Feature values causing increased predictions are in pink, and their visual size shows the magnitude of the feature's effect. Feature values decreasing the prediction are in blue. The biggest impact comes from `Rooms = 4 , Postcode and Suburb`. This is understandable since the price in Melbourne is dependent on the number of rooms as well as the suburb. Suburbs like South Yarra , Prahran have houses with high prices

# SHAP Summary Plot

In [None]:
# summarize the effects of all the features
shap.summary_plot(shap_values2, val_X)

The dominant features affecting  the model are **Distance,Type,PostCode,Rooms and Landsize**         

This plot is made of many dots. Each dot has three characteristics:

*  Vertical location shows what feature it is depicting
* Color shows whether that feature was high or low for that row of the dataset
* Horizontal location shows whether the effect of that value caused a higher or lower prediction.      

From the plot , it is evident 
* High Values of Room , Landsize , BuildingArea  increase the price of the House             
*  High Values of Distance reduce the price of the House     

# SHAP Dependence Contribution Plots

In [None]:
# make plot.
shap.dependence_plot('Distance', shap_values2, val_X, interaction_index="Postcode")

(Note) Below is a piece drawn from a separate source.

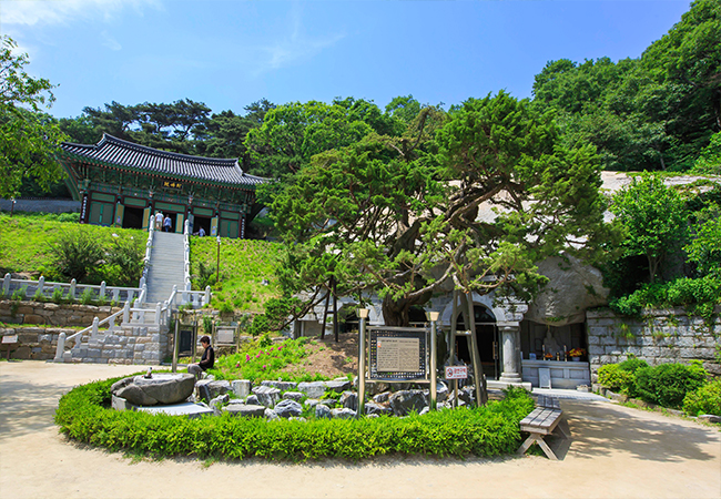 신라시대의 절로 대한불교조계종 직영사찰로 우리 나라 3대 관음영지 중 한 곳이며, 신라 선덕여왕 4년(635년) 화정대사가 창건하였다고 합니다. 인천시기념물 17호로 지정된 수령 약 600여 년 이나 된 향나무가절 마당에 늘 은은한 향을 머금고 있으며 새벽 동틀 무렵에 듣는 절 앞바다의파도 소리와 눈썹바위의 마애관음보살상은 예로부터 내려오는 강화 8경에 드는 명승지로 꼽히고 있습니다.

We will start by focusing on the shape, and we'll come back to color in a minute. Each dot represents a row of the data. The horizontal location is the actual value from the dataset, and the vertical location shows what having that value did to the prediction. The fact this slopes **downward**  says that the more  the Distance, the higher the model's prediction is for **lower price of the house**.       

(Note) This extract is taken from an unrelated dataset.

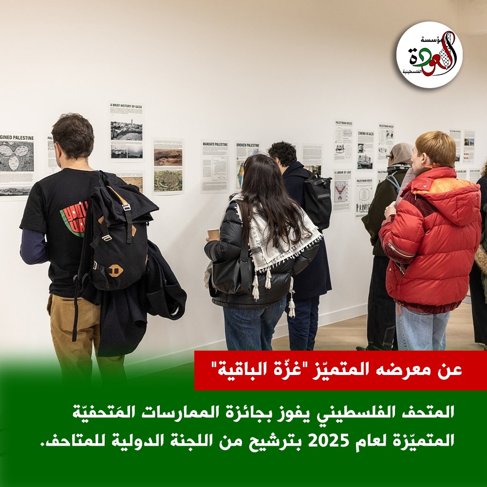 عن معرضه "غزّة الباقية"، فاز المتحف الفلسطيني بجائزة الممارسات المتحفيّة المتميّزة لعام 2025 بترشيحٍ من اللجنة الدوليّة للمتاحف والمجموعات الفنيّة الحديثة.

The color is associated with the Postcode. The lower priced houses are in the range 3175 to 3200 postcode

In [None]:
# make plot.
shap.dependence_plot('Postcode', shap_values2, val_X, interaction_index="Distance")

In the same postcode around 3000 to 3200, the price of the house changes. There are other factors which are affecting the price of the house

In [None]:
# make plot.
shap.dependence_plot('Rooms', shap_values2, val_X, interaction_index="Distance")

As the number of rooms increases, the price of the house increases

# Analysis of Malvern Houses

I stayed in the suburb of Malvern in Melbourne for quite some time. Would be interested to know how the house prices varied

In [None]:
houses_Malvern = houses_2[houses_2.Suburb == 'Malvern']

In [None]:
houses_Malvern.head()

In [None]:
features,features_all = extract_features(houses_Malvern)

houses_Malvern = label_encode_dataset(features,houses_Malvern)

houses_Malvern = houses_Malvern[features_all]
houses_Malvern = houses_Malvern.fillna(0)
houses_Malvern2  = houses_Malvern.copy()
cols_to_remove = ['Price','Date']
features2= list(set(features_all).difference(set(cols_to_remove)))
houses_Malvern = houses_Malvern[features2]

## SHAP analysis

In [None]:
# load JS visualization code to notebook
shap.initjs()

# visualize the first prediction's explanation
explainer = shap.TreeExplainer(model)

shap_values2 = explainer.shap_values(houses_Malvern)
shap.force_plot(explainer.expected_value, shap_values2[0,:], val_X.iloc[0,:])

Feature values causing increased predictions are in pink, and their visual size shows the magnitude of the feature's effect. Feature values decreasing the prediction are in blue. The biggest impact comes from `Distance, Type and Suburb`.